Al ir descubriendo su nuevo país, Gabo se encontró con una cultura ancestral que le regalaba inspiración para sus historias. En una carta a Plinio de agosto de 1961, le comentó que durante una visita en un pueblo de Michoacán había visto “a los indios tejiendo ángeles de paja, a los cuales les ponen zapatos y vestidos de la región”. Allí mismo, explicó, se le había ocurrido la idea para escribir “Un señor muy viejo con unas alas enormes”, un cuento en el que las gentes de una aldea visitan maravillados a un ser alado de avanzada edad. Gabo añadió en su carta, “tengo las baterías cargadas para lanzarme a mi viejo proyecto del libro de cuentos fantásticos” que ocurren en un pueblo pobre donde las alfombras vuelan.
Gracias a estos descubrimientos, Gabo empezó a sentir que los sucesos de la vida cotidiana mexicana que presenciaba, donde lo mágico y lo real se mezclaban de maneras que jamás había visto, le estaban animando a retomar el proyecto del que nacieron muchas ideas, historias y personajes para su novela Cien años de soledad y el libro de cuentos La increíble y triste historia de la cándida Eréndira y de su abuela desalmada.
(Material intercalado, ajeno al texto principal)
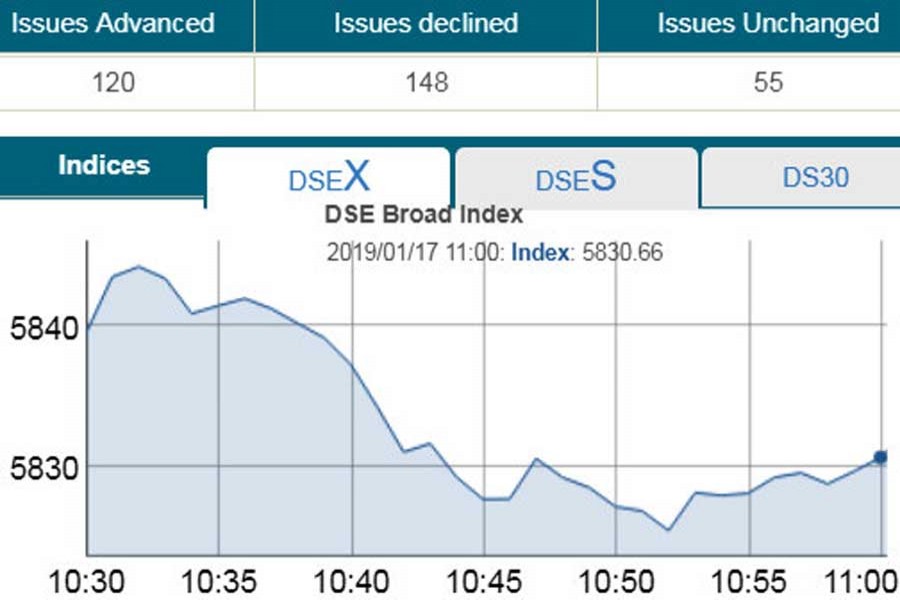 DSEX, the prime index of the DSE, went down by 9.81 points or 0.16 per cent to stand 5,829 points at 11:00am.
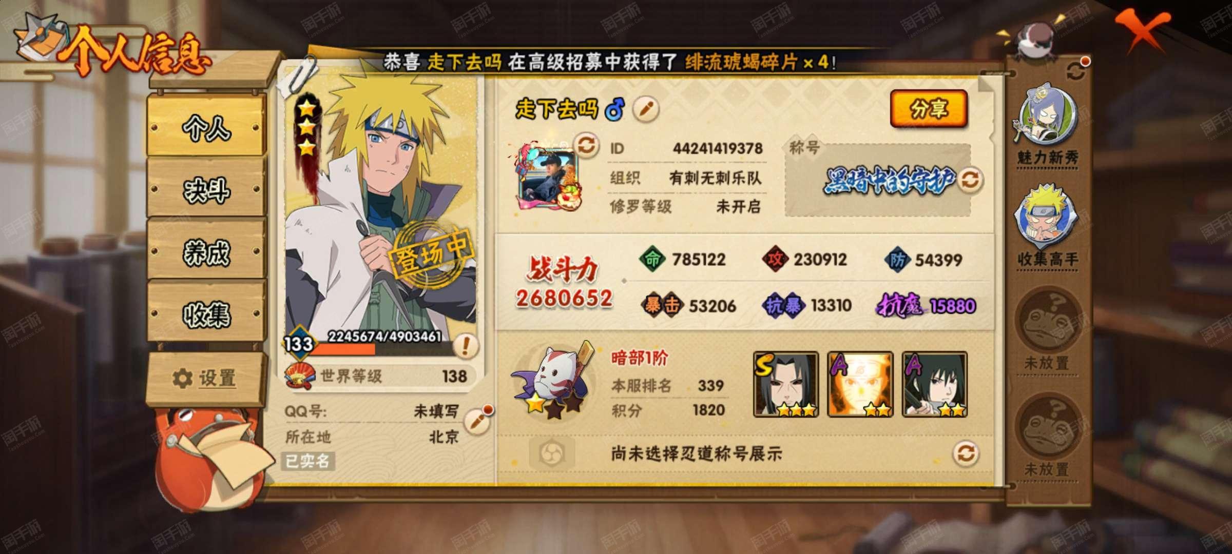 火影忍者【安卓QQ】秽土鼬号,绯流琥蝎首付50已付!A忍金鸣骨架黑土奇拉比,s忍佩恩还可以拿,战力还可以提一波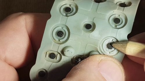 Чтобы продлить эффект, после очистки я наносил на контактные поверхности графитовое покрытие. Самый простой способ — воспользоваться обычным карандашом. Можно натереть грифель ножом и слегка смазать площадки или просто несколько раз провести карандашом по контактной стороне кнопок. Графит улучшает проводимость и делает контакт более надёжным.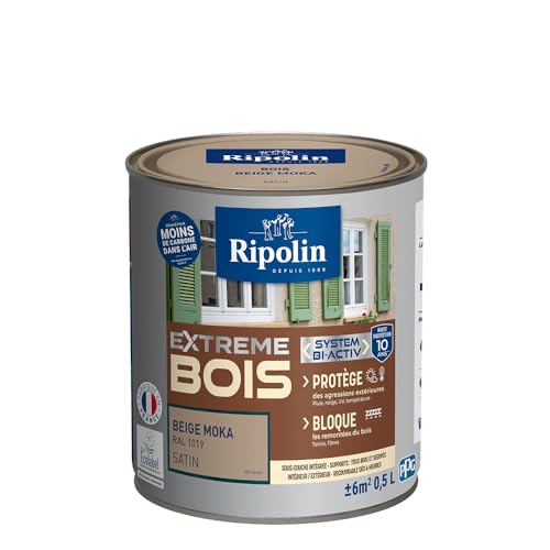 RIPOLIN - Peinture pour Bois Intérieur/Extérieur - Sans Sous-couche Ultra-couvrant - Résiste aux Intempéries, UV et Chocs - Protège et Magnifie - Lessivable - Satin - 0,5L - Beige Moka

Gabo no era el único que había sentido la llamada inspiradora del realismo mágico mexicano. Le ocurrió a Juan Rulfo, el autor de Pedro Páramo, a quien Gabo conoció en esos años y que tanto le influyó en sus obras futuras. Algo similar le pasó al fotógrafo mexicano Manuel Álvarez Bravo y al director hispano-mexicano Luis Buñuel, con quien García Márquez iba a realizar proyectos cinematográficos.
Al principio Gabo no lo tuvo fácil para entrar en el mundo del cine mexicano y menos siendo un inmigrante sin papeles. Primero, tenía que encontrar un empleador que patrocinase su visado de trabajo. Esa oportunidad le llegó gracias al productor Gustavo Alatriste. Aunque él no quería a Gabo para el cine sino para dirigir dos revistas que acababa de comprar, Sucesos para Todos y La Familia. Gabo sería el responsable de modernizar y aumentar las ventas de ambas. Su sueño de hacer cine hubo de esperar.
Sucesos para Todos, con una tirada semanal superior a los cincuenta mil ejemplares, destacaba entre las revistas más vendidas de México. En aquellos tiempos, aún era caro tener una radio o un televisor en casa, mientras que el ejemplar de una revista lo leían varias personas. Por eso, Sucesos para Todos estaba también entre las más leídas del país. Diseñada para llegar a la mayor cantidad de público posible, la revista ofrecía imágenes llamativas y textos curiosos de lectura fácil sobre noticias de actualidad. Además, Gabo le añadió contenidos sobre arte y literatura, publicando durante varios meses una selección de historias de Las mil y una noches, el clásico de la literatura árabe que tanto influyó sobre Cien años de soledad.
La otra revista que Gabo dirigía, La Familia, estaba pensada para las amas de casa de clase media. En sus páginas, él puso la sección “Literatura Sentimental”, que aparecía entre recetas de cocina, patrones de punto para coser y anuncios de milagrosos electrodomésticos. Bajo su dirección, esta revista creció también y hasta publicó fuera de México una edición internacional destinada al mercado latinoamericano.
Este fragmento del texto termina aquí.